41

7.6K 495 19
                                    

"Aku sudah selesai. Ma, aku pamit ya?" ucap Satria seiring dia beranjak dari sana.

Natasha menatap punggung Satria heran. Hatinya berkecamuk tidak karuan. Sangat terasa perubahan sikap Satria.

Satria berjalan menuju taman samping rumah, duduk di gazebo menerawang ke langit-langit. Hatinya saat ini ada di tempat yang jauh. Lelaki itu memikirkan istri dan anaknya yang ditinggalkan tanpa ada kabar berita. Memang sudah jadi kesepakatan mereka bahwa yang akan menghubungi adalah Rika, itu pun di malam hari. Agar Natasha tidak menaruh curiga.

Dari balkon kamar, Natasha dapat melihat Satria yang tengah melamun. Entah apa yang dipikirkan suaminya itu. Dia bertanya-tanya dalam hati. Mendadak hatinya mendung. Apakah semalam ada yang salah dengan dirinya? Tapi apa? Natasha pun akhirnya masuk ke kamar.

Satria mengambil ponselnya, sebelum melirik ke sana ke mari. Melihat siapa saja yang ada di dekatnya. Setelah dirasanya aman, dia segera menekan layar ponselnya untuk berbicara dengan wanita yang ada di ujung telepon.

"Hallo?" sapa Satria.

"Eh, tumben pagi-pagi nelpon? Natasha mana?" tanya Rika.

"Di kamarnya," jawab Satria.

"Nggak ada yang curiga kamu nelpon?" tanya Rika.

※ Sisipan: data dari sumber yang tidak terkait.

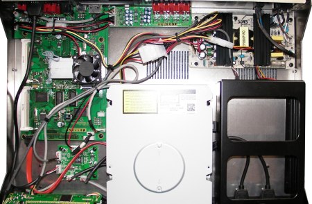 l’intérieur du HD center est surprenant. Nous nous attendions à plus d’intégration et moins de câble apparents. On découvre que le rack SATA interne est connecté en USB.
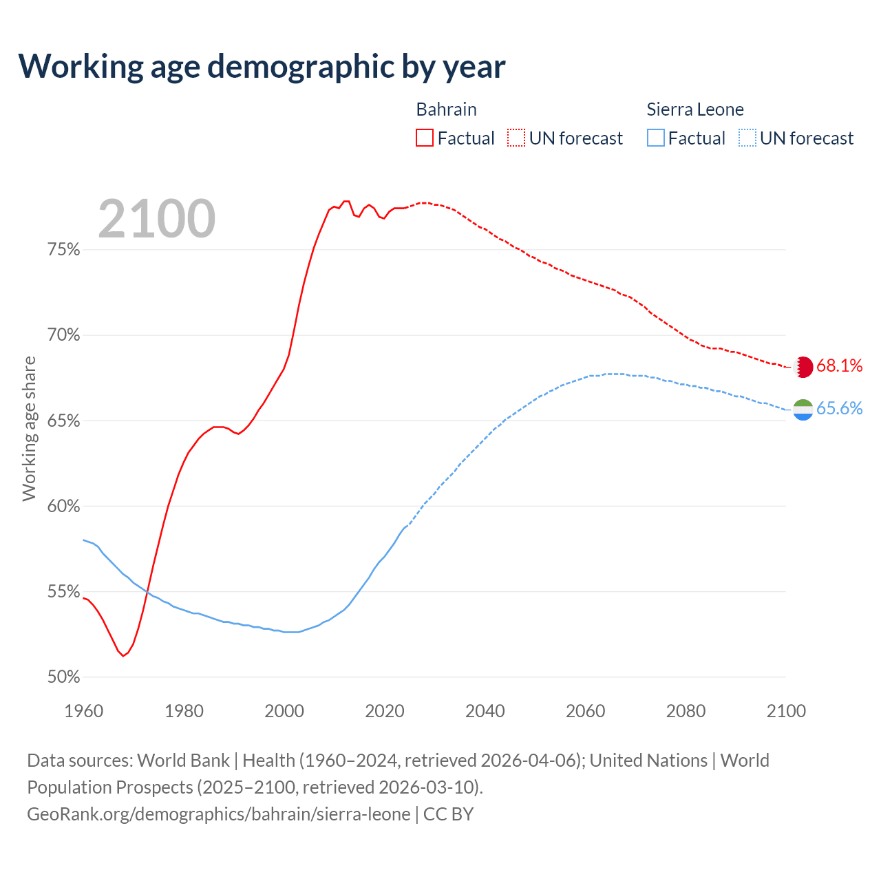 - Bahrain has 1.29M working age adults (aged 15-64) vs 5.31M in Sierra Leone.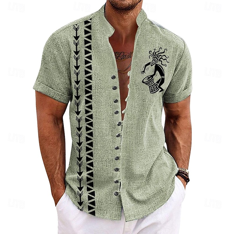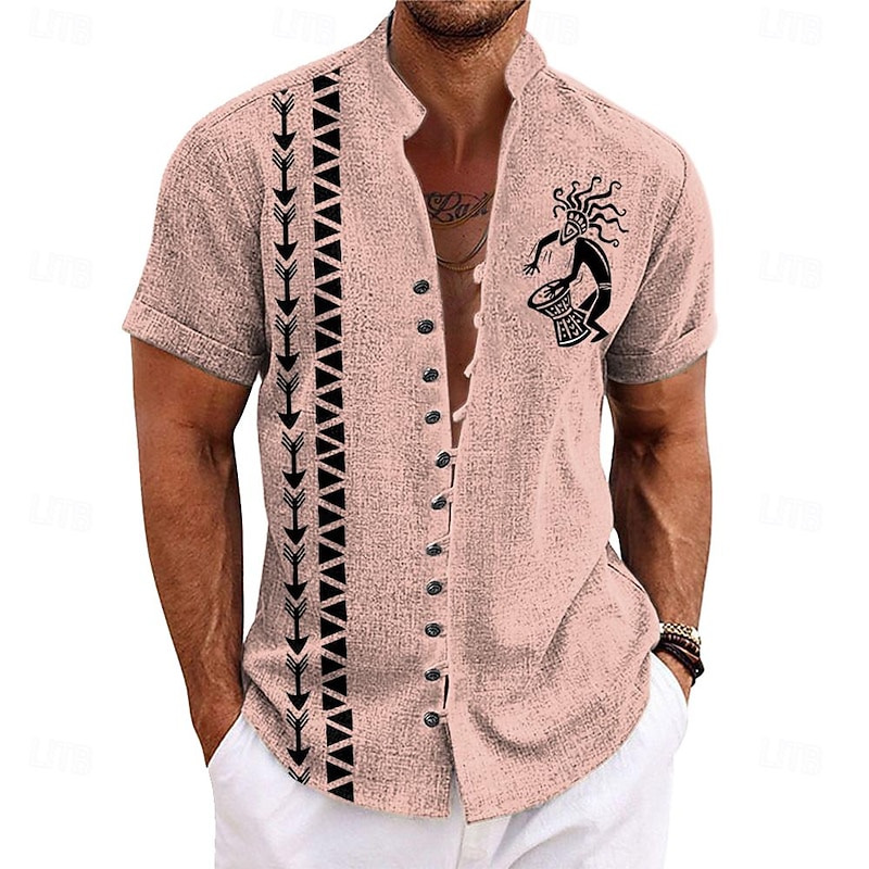 trending ! Men's Ethnic Kokopelli Shirt Button Up Shirt Short Sleeve Casual Tribal Vacation Daily Summer Spring Grandad Collar Band Collar Buttons Print Pink Blue Green Khaki Beige

"Enggak. Eh, aku kangen kalian. Aku mau pulang. Mau ketemu Dyah juga. Dia udah sembuh bener?" tanya Satria.

"Udah, sih."

"Rika---" panggil Satria dengan suara lirih.

"Ya?"

"Aku ... jika ... aku dan---"

"Eh, Mas bentar ya! Ada yang ngetuk pintu. Kurir kali ... aku ada beli sesuatu soalnya. Aku tutup ya ...."

"Rik---"

Suara telepon pun berubah jadi nada sibuk, pertanda Rika menutup ponselnya.

"Aaargh!" Satria berteriak frustasi.

Rasa rindu menghantam jiwanya, menyiksa batin hingga terasa sampai ke relung hati yang paling dalam. Walau bagaimanapun Rika adalah wanita yang telah mengisi hari-hari bersama dengannya. Apalagi Satria sebenarnya bukanlah tipe yang tidak setia. Baginya janji menjaga wanita yang dinikahinya adalah janji yang tidak pantas untuk dipermainkan. Sebuah janji laki-laki yang harus diperjuangkan hingga akhir hayat. Tekadnya sudah bulat. Dia akan segera pulang untuk menemui Rika dan Dyah, agar kewarasannya kembali. Agar dia ingat bahwa ada Rika dan Dyah yang menjadi tanggung jawabnya. Bahwa Dyah dan Rika adalah rumahnya. Tempat dia kembali.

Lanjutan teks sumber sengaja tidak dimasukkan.